Dizíamos que seriam necessários outros 2 bilhões de anos para que estas condições especiais surgissem em algum lugar. Logo, há 11,2 bilhões de anos atrás. Também sabemos que nos padrões que conhecemos seriam necessários mais 3,7 bilhões de anos para que num planeta como o nosso a vida evolua e desenvolva uma civilização capaz de se surpreender com suas origens e destinos possíveis e faça especulações sobre o seu papel no universo. Com isto, é possível que há 7,5 bilhões de anos já existisse no universo uma civilização semelhante à nossa.
As correntes pessimistas afirmam que as civilizações tendem para a extinção num curto espaço de tempo de alguns milhares de anos por fatores múltiplos, como epidemias, guerras, mudanças climáticas bruscas como glaciações ou aquecimentos, catástrofes cósmicas, e becos evolutivos. Uma variada gama de possibilidades apocalípticas mesclada com pandemias letais.
Mas sem uma extinção total por obra de um fenômeno cataclísmico qualquer este palco que montamos para que a vida tentasse uma evolução continuada desde os primórdios do universo criaria uma possibilidade bastante interessante. A evidente disparidade temporal entre a hipotética civilização primordial e a nossa é a mais marcante. Se considerarmos que a nossa civilização tem cerca de 10 mil anos, poderíamos dizer que o abismo temporal entre as duas espécies seria hoje o equivalente ao de 750 mil civilizações. Um tempo razoável. Qual seriam as diferenças mentais entre essas duas civilizações?
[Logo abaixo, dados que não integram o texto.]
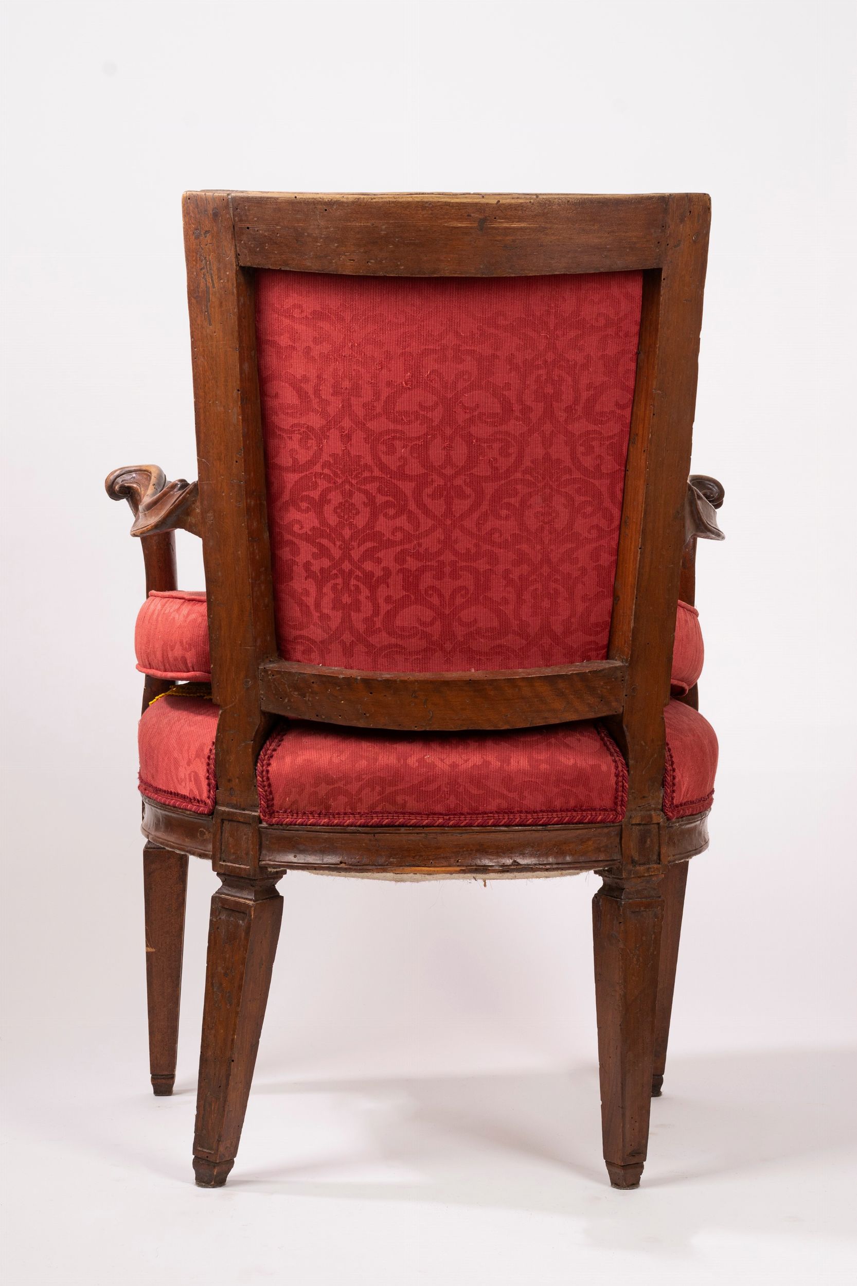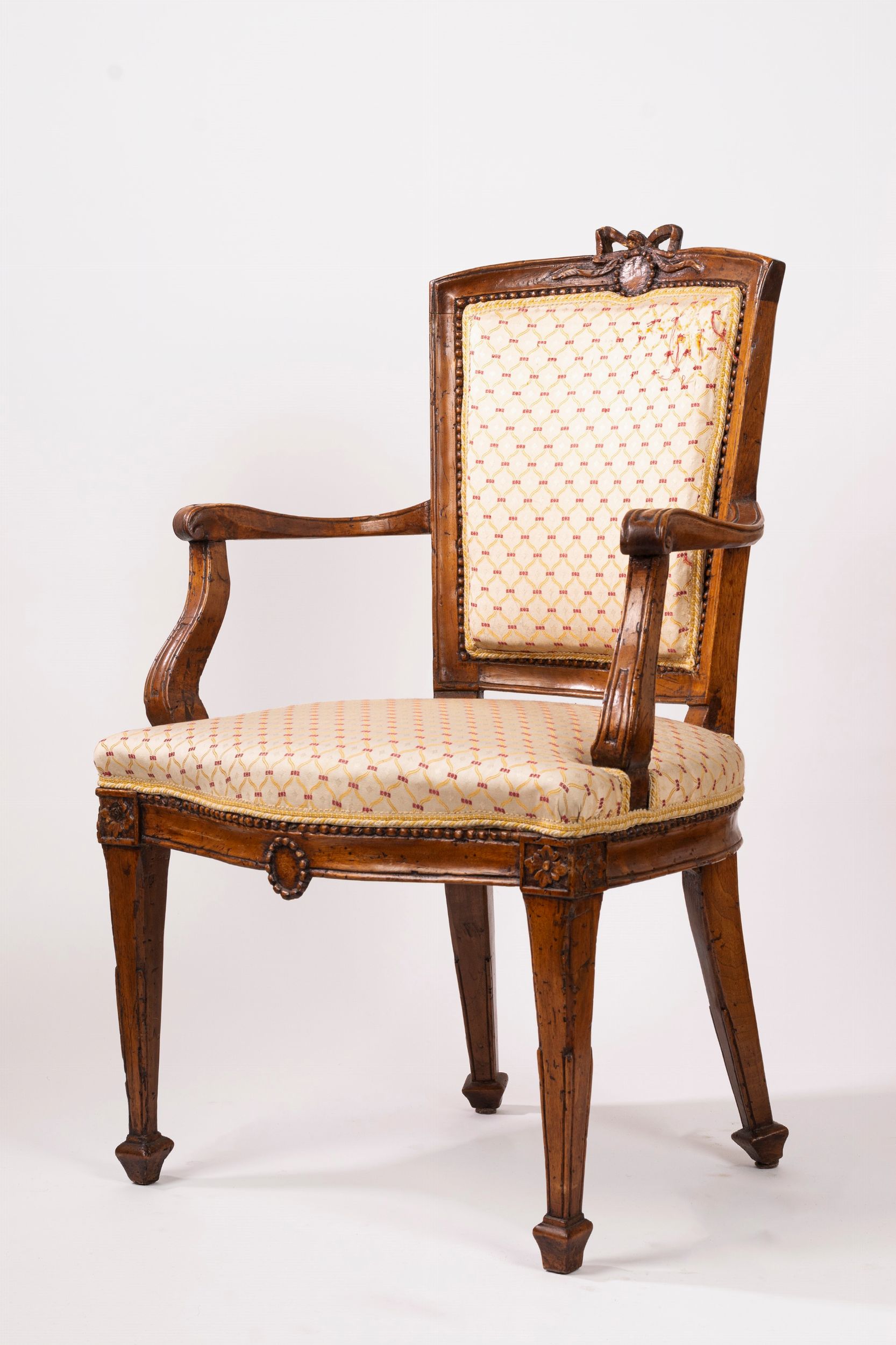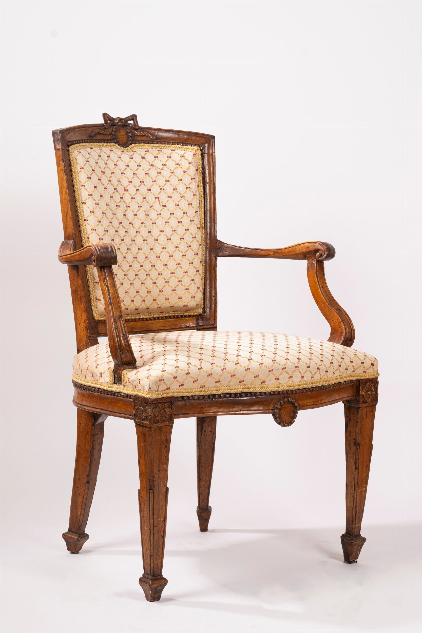 cm 88 x 55 x 50 (la coppia); cm 88 x 61,5 x 43 (la singola) con gambe rastremate con motivo floreale all'attacco, montanti mossi, braccioli terminanti a ricciolo e schienale di forma squadrata difetti e restauri
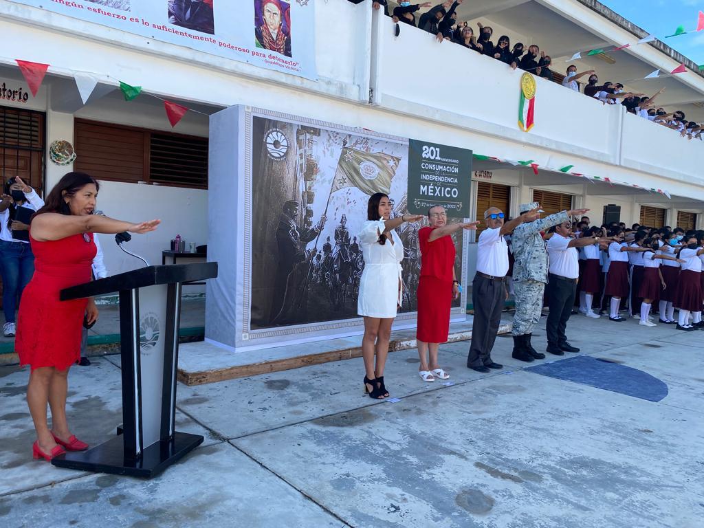 PODER Y CRÍTICA | REDACCIÓN | Ante la bandera de México en lo más alto, en la Escuela Secundaria Técnica No. 32 “Independencia de México”, autoridades municipales, estatales y federales, realizaron una ceremonia cívica conmemorando el 201 Aniversario de la Consumación de la Lucha de Independencia.

Qual seria, atualmente, o interesse desta civilização avançada em nos contatar? Qual seria o nível de entendimento ou de conversação? Em que nível evolutivo esta espécie estaria? Nós conseguiríamos compreendê-los? Ou percebê-los? Eles teriam forma? Estariam presos a uma base orgânica como nós? Quais seria o seu domínio sobre as forças da natureza? Será que esta espécie ainda conservaria a individualidade de seus elementos? Ou seria um ser coletivo? O avanço e a aplicação de seus conhecimentos, para nós, seriam distinguíveis de um ato mágico? Ou de um ato divino?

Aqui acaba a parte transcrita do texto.